Al cabo de una hora y media, llegaron a las afueras de la localidad costera de Taormina. Al menos eso decía el cartel, porque Lucía no conocía en absoluto aquella zona montañosa. Las calles, o más bien los callejones, eran pintorescos y parecían muy diferentes de las de Siracusa. La altitud hacía el paisaje más verde y la vegetación llegaba hasta los alrededores de las playas, acentuando los contrastes con la arena y el mar azul. Las villas de tejas anaranjadas y piedras claras salpicaban las laderas en cascada. Y viejos monumentos estaban dispersos por todas partes donde miraba el ojo.
Cuanto más ascendía la berlina, más Lucía empezaba a captar la belleza del panorama que ofrecía ese lugar. Y a lo lejos, vio aparecer una inmensa montaña, que una copa de nieve coronaba majestuosamente.
—¿Es un volcán? —preguntó a Natale, pegando la cara y las manos al cristal como lo haría un niño.
—Exacto —asintió el hombre—, es el Etna. ¿Es la primera vez que lo ve?
—No lo sé —dijo ella, inclinando la cabeza—. Quizás ya vine de pequeña, pero no me acuerdo.
Al cabo de unos minutos, se detuvieron ante una gran reja automatizada. Después de que Natale abriera con un mando a distancia, continuaron por una pequeña carretera bordeada de árboles y vegetación. Una villa con aspecto de antigua abadía empezó a aparecer ante ellos, al cabo de un rato. Y cuando se detuvieron en una de las plazas de aparcamiento de grava blanca, un hombre con polo y pantalón claro, salió a recibirlos.
—Señora, buenos días y bienvenida a Taormina —dijo el hombre, tomando la maleta que el chófer acababa de sacar del maletero.
—¿El señor todavía no ha llegado? —le preguntó Natale.
Lucía se volvió hacia él con asombro. ¿Hablaba de Vincenzo?
—Amarramos hace una hora —respondió el empleado—, se quedó en la ciudad pero no debería tardar.
Era de él de quien hablaban, se alarmó Lucía interiormente, que no tenía ninguna gana de ver a ese odioso personaje. Ella, que empezaba a disfrutar de su día y del lugar, se desilusionó al instante. Natale debió de ver que su rostro cambiaba, porque muy pronto, cambió de tema. Y con su tono distinguido habitual, le propuso hacer un recorrido por la propiedad. Sin responder, ella lo siguió por el sendero de piedra, arrastrando los pies.

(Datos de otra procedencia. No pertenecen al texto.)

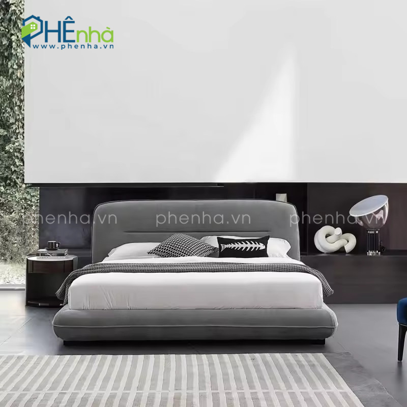 Mẫu giường ngủ bọc nỉ nhung hai màu xám trắng có thể kết hợp hài hòa với nhiều phong cách nội thất khác nhau, từ hiện đại, tối giản đến cổ điển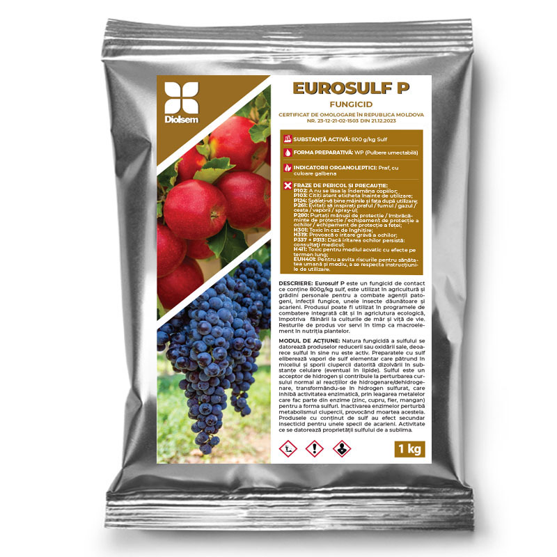 Eurosulf P este un fungicid de contact ce conține 800g/kg sulf, este utilizat în agricultură și grădini personale pentru a combate agenții patogeni, infecții fungice, unele insecte dăunătoare și acarieni. Produsul poate fi utilizat în programele de combatere integrată cât și în agriclutura ecologică, împotriva făinării la culturile de măr și viță de vie. Resturile de produs vor servi în timp ca macroelement în nutriția plantelor.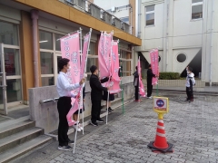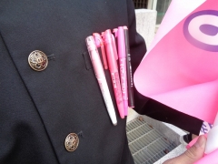 ピンク色の旗を持ったり、ピンク色のペンを胸ポケットにつけたり。。。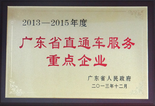 广东省人民政府授予康宝的“2013—2015年度广东省直通车服务重点企业”牌匾

—La villa es en realidad un antiguo complejo monástico franciscano —le explicó el empleado, invitándola a entrar por el gran porche abovedado—. Cuando el tatarabuelo del señor la compró, estaba abandonada y la capilla estaba completamente destruida. Después de los trabajos de rehabilitación, se convirtió en la segunda residencia de la familia en la isla.
—Me pasé una hora preguntándole adónde íbamos, sin que usted se dignara a responder —le reprochó Lucía, quien seguía obsesionada con el hecho de que no iba a pasar un momento de relax tranquila y sola—, y ahora me cuenta incluso la historia de estas pobres paredes. Soy capaz de ver que es un antiguo monasterio, así que ahórrese su saliva…

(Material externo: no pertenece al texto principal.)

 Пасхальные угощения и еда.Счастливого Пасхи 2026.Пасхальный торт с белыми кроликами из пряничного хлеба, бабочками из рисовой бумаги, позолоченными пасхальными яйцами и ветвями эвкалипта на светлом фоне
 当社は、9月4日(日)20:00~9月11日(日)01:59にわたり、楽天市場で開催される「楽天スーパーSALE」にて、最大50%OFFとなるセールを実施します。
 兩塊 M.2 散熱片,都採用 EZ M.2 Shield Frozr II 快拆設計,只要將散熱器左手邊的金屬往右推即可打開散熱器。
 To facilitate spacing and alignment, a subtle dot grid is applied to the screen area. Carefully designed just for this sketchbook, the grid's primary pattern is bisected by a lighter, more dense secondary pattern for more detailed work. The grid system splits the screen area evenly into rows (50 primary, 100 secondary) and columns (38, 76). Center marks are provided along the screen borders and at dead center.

El hombre lanzó una mirada oblicua y asombrada hacia la joven. Habitualmente, ella no expresaba su fastidio tan directamente. Visiblemente, le reprochaba haber guardado silencio sobre su destino.
—Siento aburrirla con mis divagaciones —se disculpó—. Con el señor Giuliani, pensábamos guardar la sorpresa, por eso nos abstuvimos de decirle dónde se iba a alojar.
—También omitió decirme con quién —espetó ella sin pensar.
—¿Mi presencia te supondría un problema? —resonó una voz áspera proveniente del otro lado del claustro.